In my experience, when a process is developed with a certain failure rate, human beings, unless strictly supervised, will act to cut corners or alter the process, in a way that increases that failure rate. As time goes on, they wonder why they have to keep spending so much time on things that may not appear to be really useful. They take shortcuts that create suboptimal circumstances. People not directly involved want to know why things can not be sped up.

With the Shuttle, the failure rate may have been 1% but some of the decisions made before the Challenger launch most likely increased that percentage. That is, if there is a 1% failure rate under optimal conditions what is does the failure rate become under suboptimal conditions? Well, obviously more than 1%.

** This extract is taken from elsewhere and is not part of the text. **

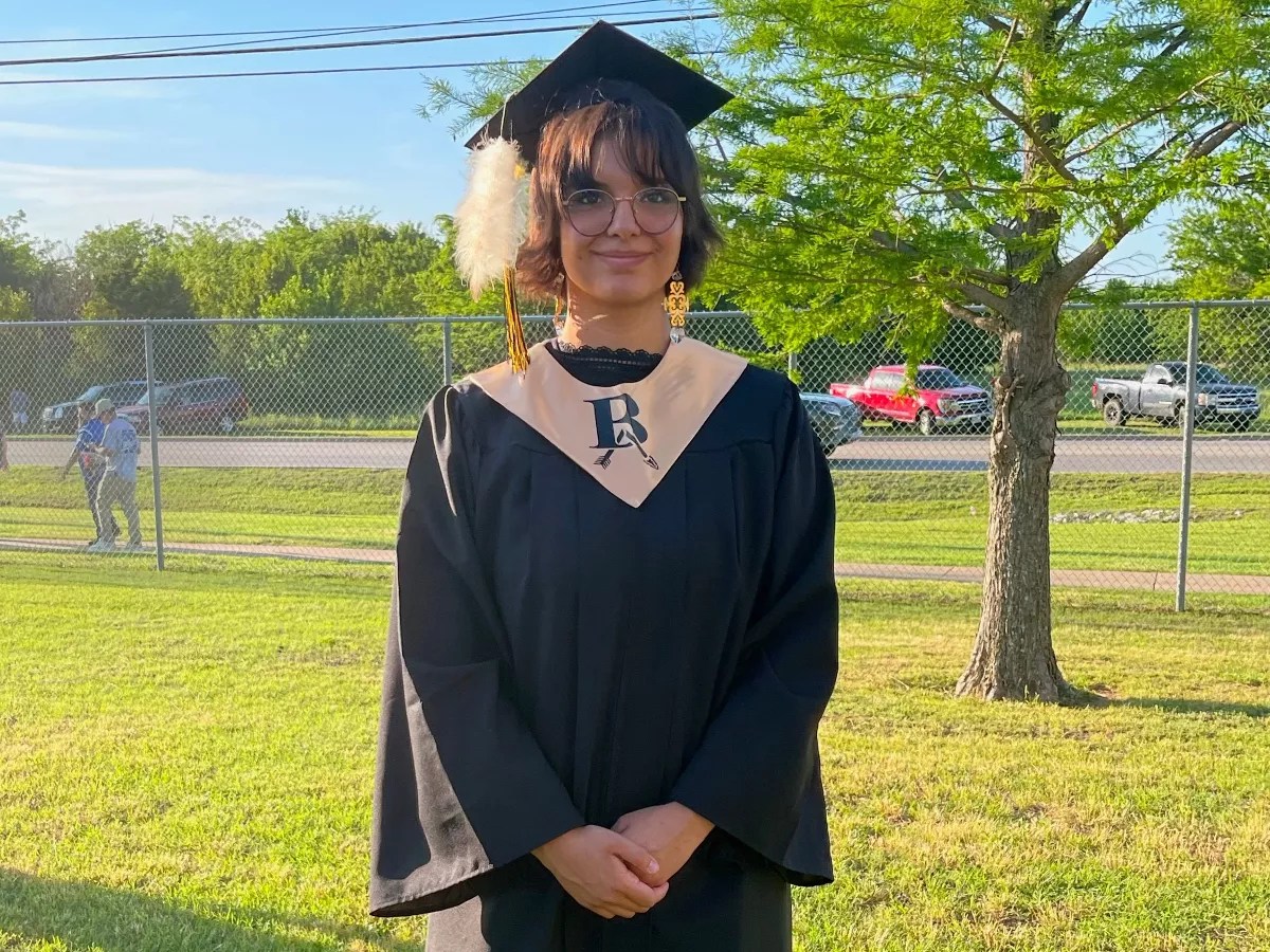 The sash – given to her by her older brother as a graduation gift – bears both the eagle and serpent emblem and red, white and green colors of the Mexican flag on the right and the stars and stripes of the American flag on the left.

From the data we have been seeing on the well in the Gulf, there seem to have been ample evidence that it was not a normal well and normal odds would not have applied. Thus, they should have taken even more precautions to prevent the catastrophe that, mathematically, will eventually happen.

But human nature being what human nature is, they did the exact opposite. They cut corners and tried to get an expensive well under control while doing even less than the minimal tests of safety.

So, in order to reduce catastrophic disasters we need to not only develop processes that greatly reduce the intrinsic failure rate. We need to include all sorts of human-based pressures to prevent people from increasing the rate of failure.

This is not an area to decrease regulation. At least if we want to prevent catastrophe.